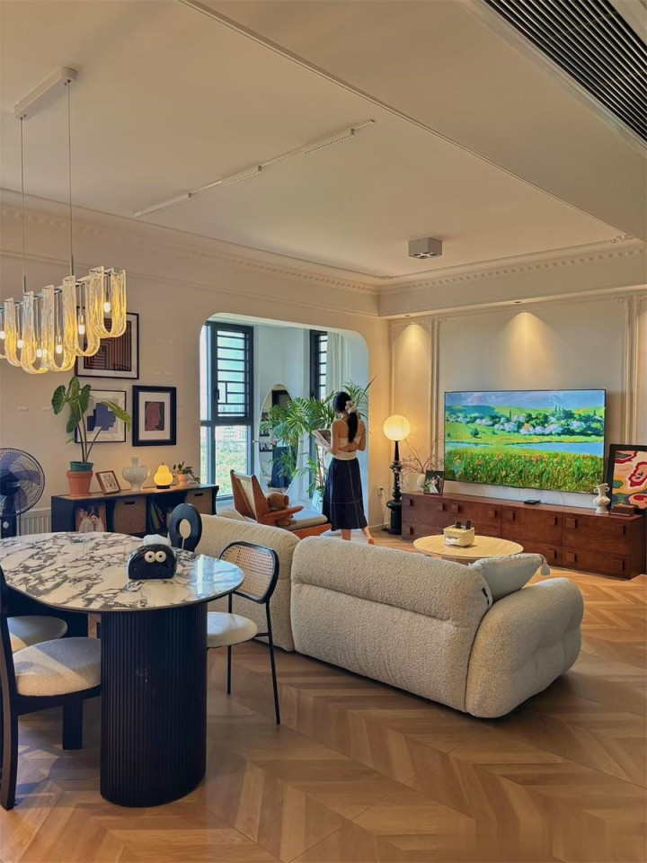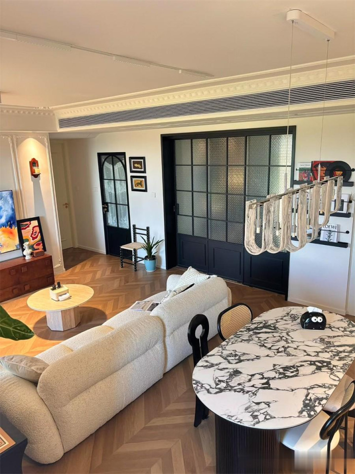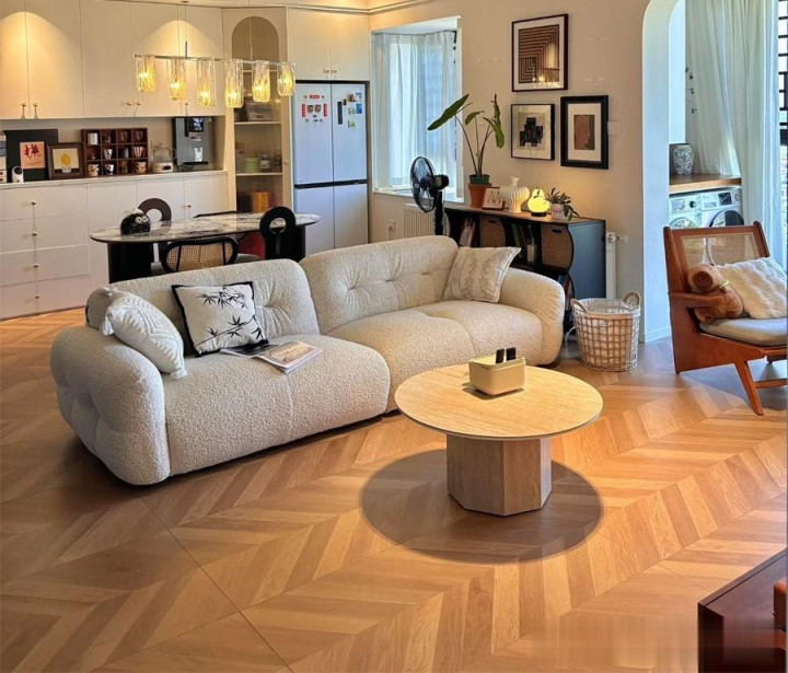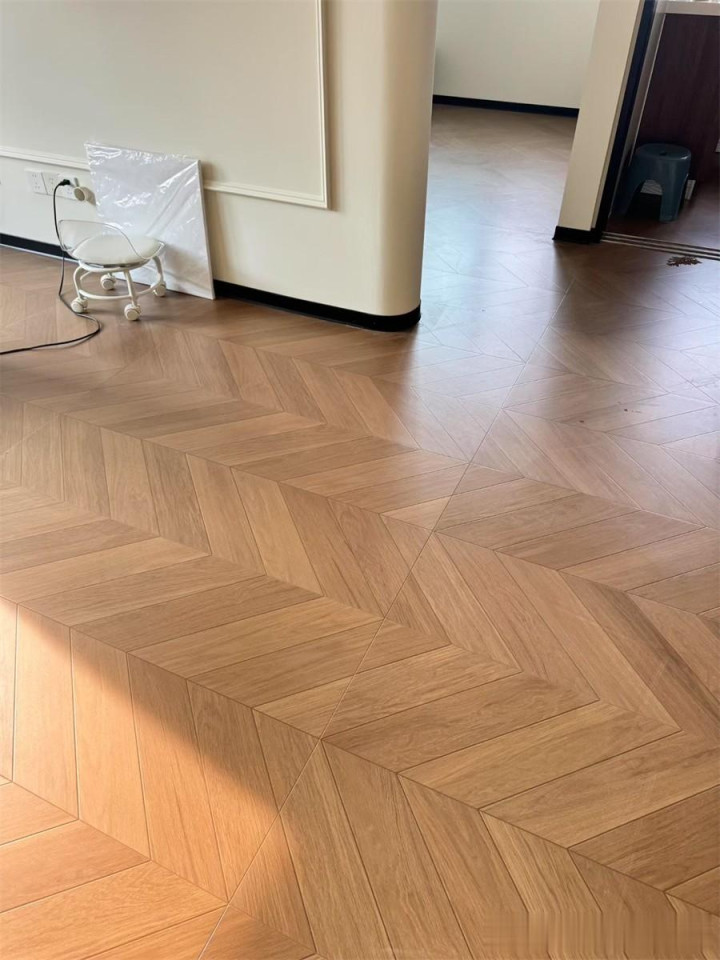 灯光设计很重要:鱼骨拼的线条感需要灯光加持,建议搭配轨道灯或线性灯,突出层次感。
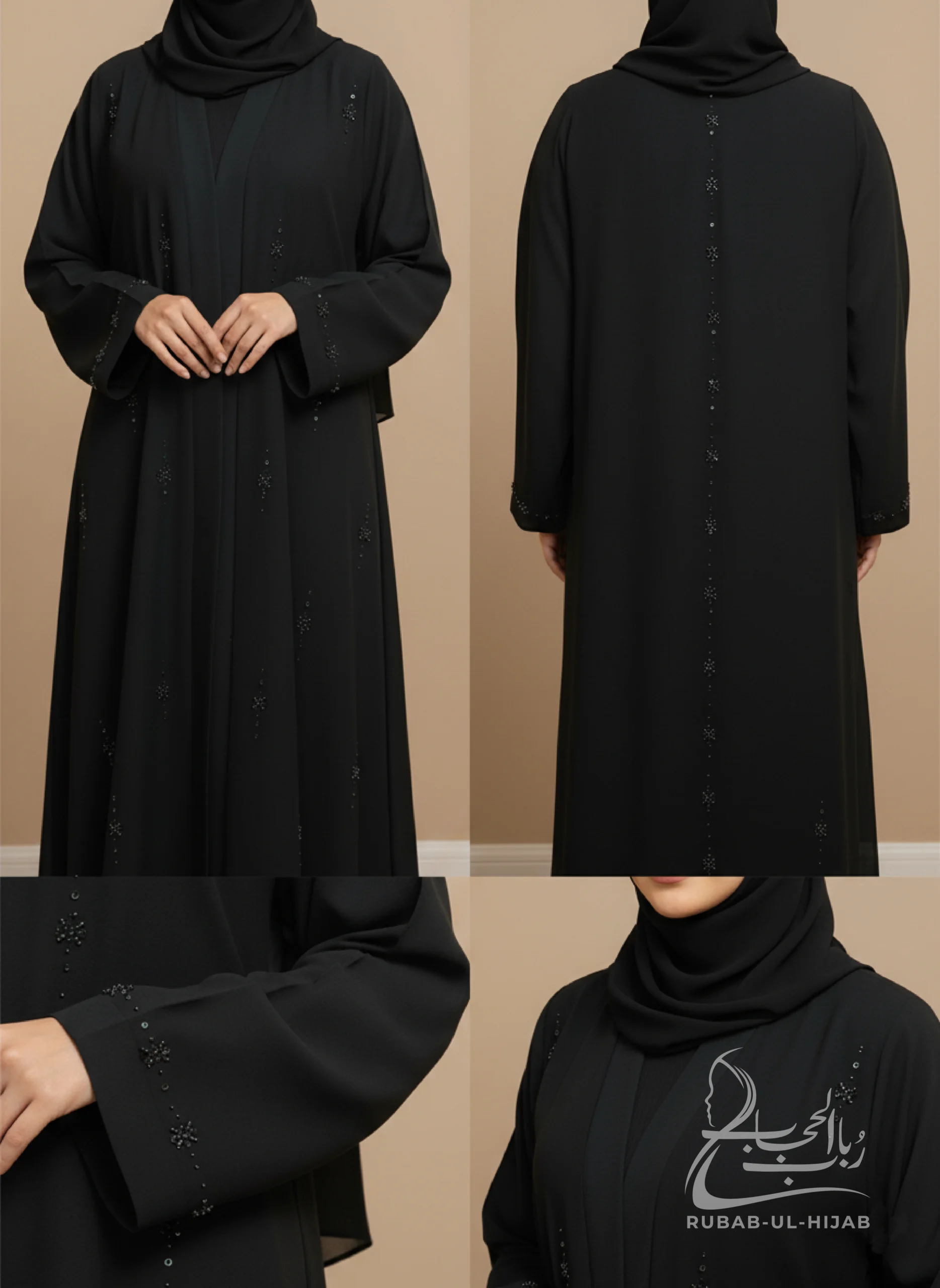 The garment is crafted from premium Zoom Nida fabric, celebrated for its luxurious feel and exceptional durability. The signature krinkle texture adds a subtle, fascinating dimension and movement to the modest wear, making this open-front abaya perfect for both special occasions and elevated daily style.
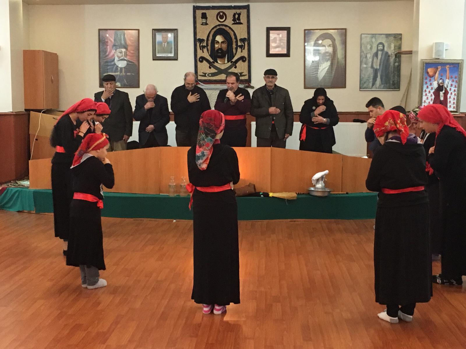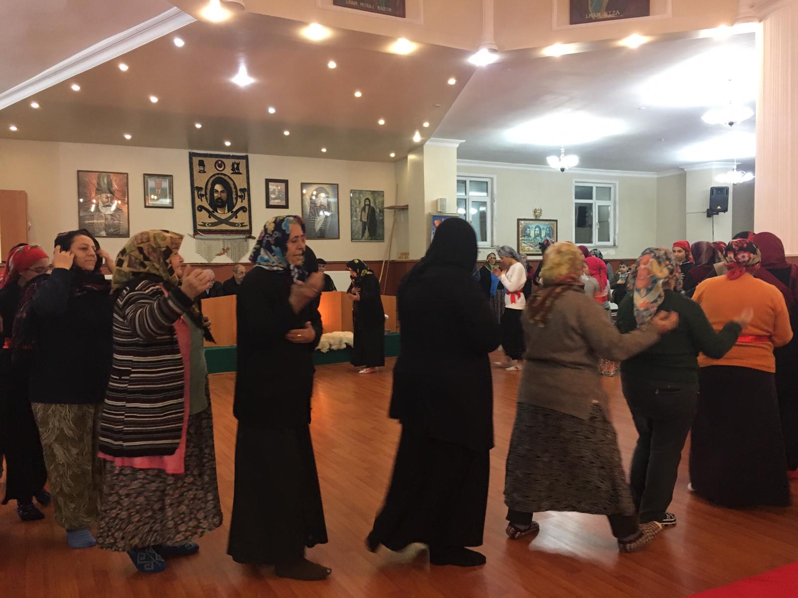 12 hizmet yürütülürken semaha duran canlara Sevim ana da katılarak semah döndü.
══════════════════════════════
§ **Problem requirements**: The material above must be set down word for word, with no picture carried over.

§ **Solution to this task**:
 灯光设计很重要:鱼骨拼的线条感需要灯光加持,建议搭配轨道灯或线性灯,突出层次感。
 The garment is crafted from premium Zoom Nida fabric, celebrated for its luxurious feel and exceptional durability. The signature krinkle texture adds a subtle, fascinating dimension and movement to the modest wear, making this open-front abaya perfect for both special occasions and elevated daily style.
 12 hizmet yürütülürken semaha duran canlara Sevim ana da katılarak semah döndü.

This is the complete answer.